1. A cardiac rhythm management system comprising:
- a remote physiological sensor powered by a battery having an initial charge capacity, wherein the remote physiological sensor includes an active state, during which the remote physiological sensor performs at least one function, and an inactive state, during which no functions are performed by the remote physiological sensor; and
  
  a pulse generator configured to communicate with the remote physiological sensor via telemetry, wherein the pulse generator includes a memory operable to store parameters associated with charge consumption for each function performed by the remote physiological sensor and a leakage current associated with the inactive state, wherein the pulse generator further includes a processor operable to determine an active state charge consumption based on the stored parameters and an inactive state charge consumption based on the stored leakage current and a time the device is in the inactive state, and wherein the processor is further operable to subtract the active state charge consumption and inactive state charge consumption from the initial charge capacity to determine a remaining charge capacity of the battery.
- View Dependent Claims (2, 3, 4, 5, 6, 7)
- - 2. The cardiac rhythm management system of claim 1, wherein the remote physiological sensor is operable to transmit a voltage of the battery to the pulse generator.
  - 3. The cardiac rhythm management system of claim 2, wherein the processor is further operable to determine the remaining charge capacity based on the voltage of the battery.
  - 4. The cardiac rhythm management system of claim 1, wherein the memory is operable to store operational charge consumption information for a function having a fixed duration.
  - 5. The cardiac rhythm management system of claim 1, wherein, for a function having a fixed duration, the memory is operable to store information related to an amount of charge consumption of the fixed-duration function, and wherein the processor is operable to multiply the stored information associated with the fixed-duration function by a number of occurrences of the fixed-duration function during the active state to determine the active state charge consumption.
  - 6. The cardiac rhythm management system of claim 1, wherein, for a function having a variable duration, the memory is operable to store information related to a current consumption of the variable-duration function, and wherein the processor is operable to multiply the stored information associated with the variable-duration function by a time the variable-duration function is active during the active state to determine the active state charge consumption.
  - 7. The cardiac rhythm management system of claim 1, wherein the pulse generator is further operable to communicate battery status information for the remote physiological sensor to a remote computer.

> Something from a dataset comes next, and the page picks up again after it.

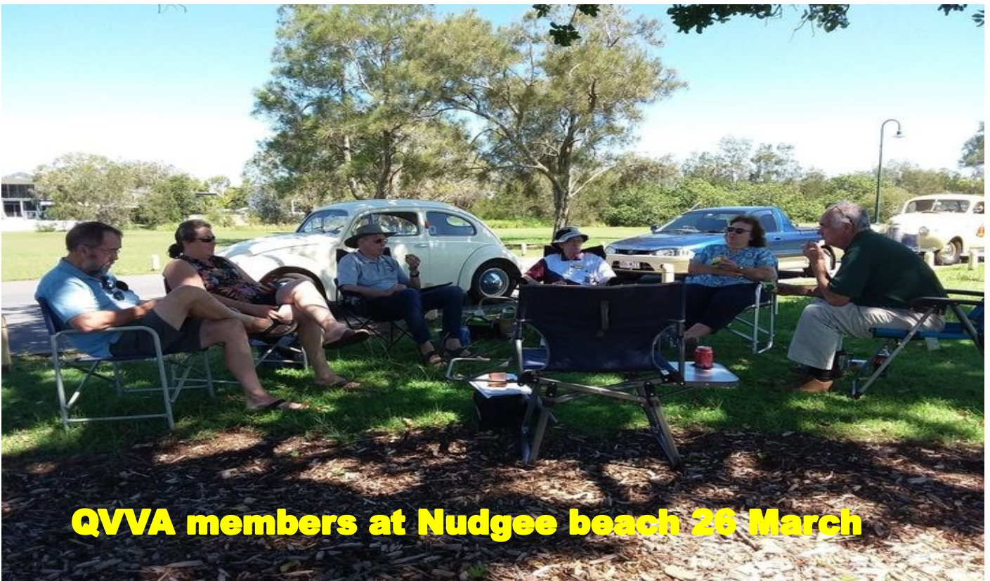
QVVA members at Nudgee beach 26 March

8. A method for monitoring a remaining charge capacity of a battery having an initial charge capacity, wherein the battery powers a remote implantable medical device (IMD) that includes an active state, during which the remote IMD performs at least one function, and an inactive state, during which the remote IMD performs no functions, the method comprising:
- activating the remote IMD from the inactive state to perform one or more functions;
  
  receiving data related to the one or more functions from the remote IMD;
  
  returning the remote IMD to the inactive state;
  
  computing an active state charge consumption based on stored parameters associated with an operational charge consumption for each function;
  
  computing an inactive state charge consumption based on a leakage current associated with the inactive state and a time the remote IMD is in the inactive state; and
  
  subtracting the active state charge consumption and inactive state charge consumption from the initial charge capacity.
- View Dependent Claims (9, 10, 11, 12, 13)

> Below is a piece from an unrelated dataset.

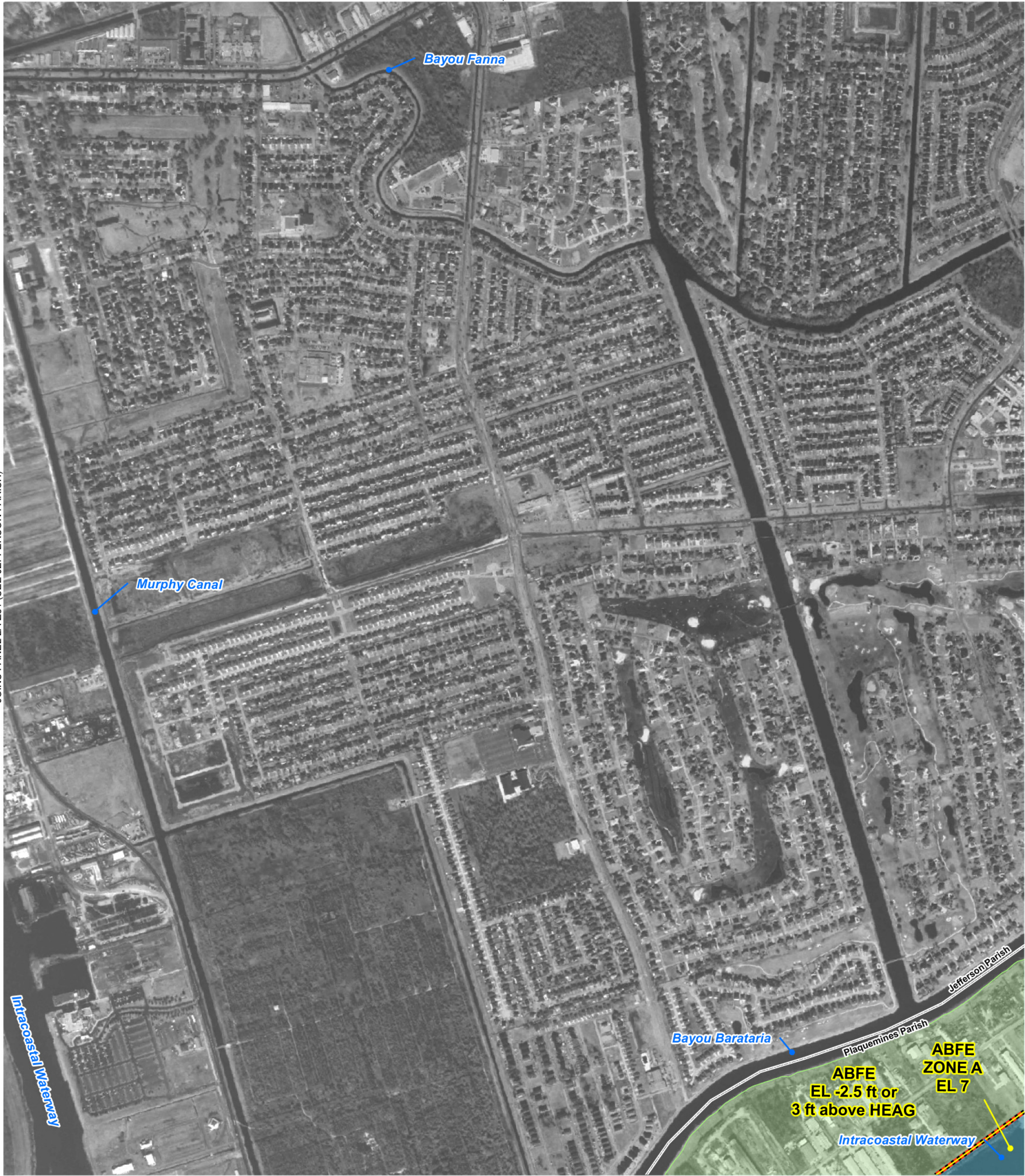
JOINS PANEL LA-Y32

JOINS PANEL LA-Z31 (SEE JEFFERSON PARISH)

- - 9. The method of claim 8, wherein, for a function having a fixed duration, determining the active state charge consumption comprises:
    - multiplying stored operational charge consumption information associated with the fixed-duration function by a number of occurrences of the fixed-duration function during the active state.
  - 10. The method of claim 8, wherein, for a function having a variable duration, determining the active state charge consumption comprises:
    - multiplying stored operational current information associated with the variable-duration function by a time the variable-duration function is active during the active state.

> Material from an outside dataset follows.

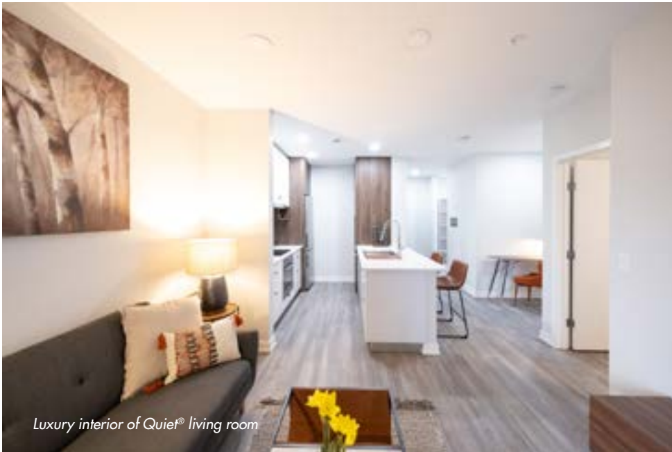
Luxury interior of Quiet® living room

  - 11. The method of claim 8, and further comprising:
    - receiving data related to a voltage of the battery.
  - 12. The method of claim 11, wherein the receiving step comprises receiving data related to the voltage of the battery periodically.
  - 13. The method of claim 11, wherein the remaining charge capacity is further monitored based on the voltage of the battery.

14. A system for monitoring a remaining charge capacity of a battery in an implantable device, wherein the battery has an initial charge capacity, and wherein the implantable device includes an active state, during which the implantable device performs at least one function, and an inactive state, during which the implantable device performs no functions, the system comprising:
- a memory operable to store parameters associated with charge consumption for each function and a leakage current associated with the inactive state; and
  
  a processor operable to determine an active state charge consumption based on the stored parameters and an inactive state charge consumption based on the stored leakage current and a time the device is in the inactive state, wherein the processor is further operable to subtract the active state charge consumption and inactive state charge consumption from the initial charge capacity to determine the remaining charge capacity.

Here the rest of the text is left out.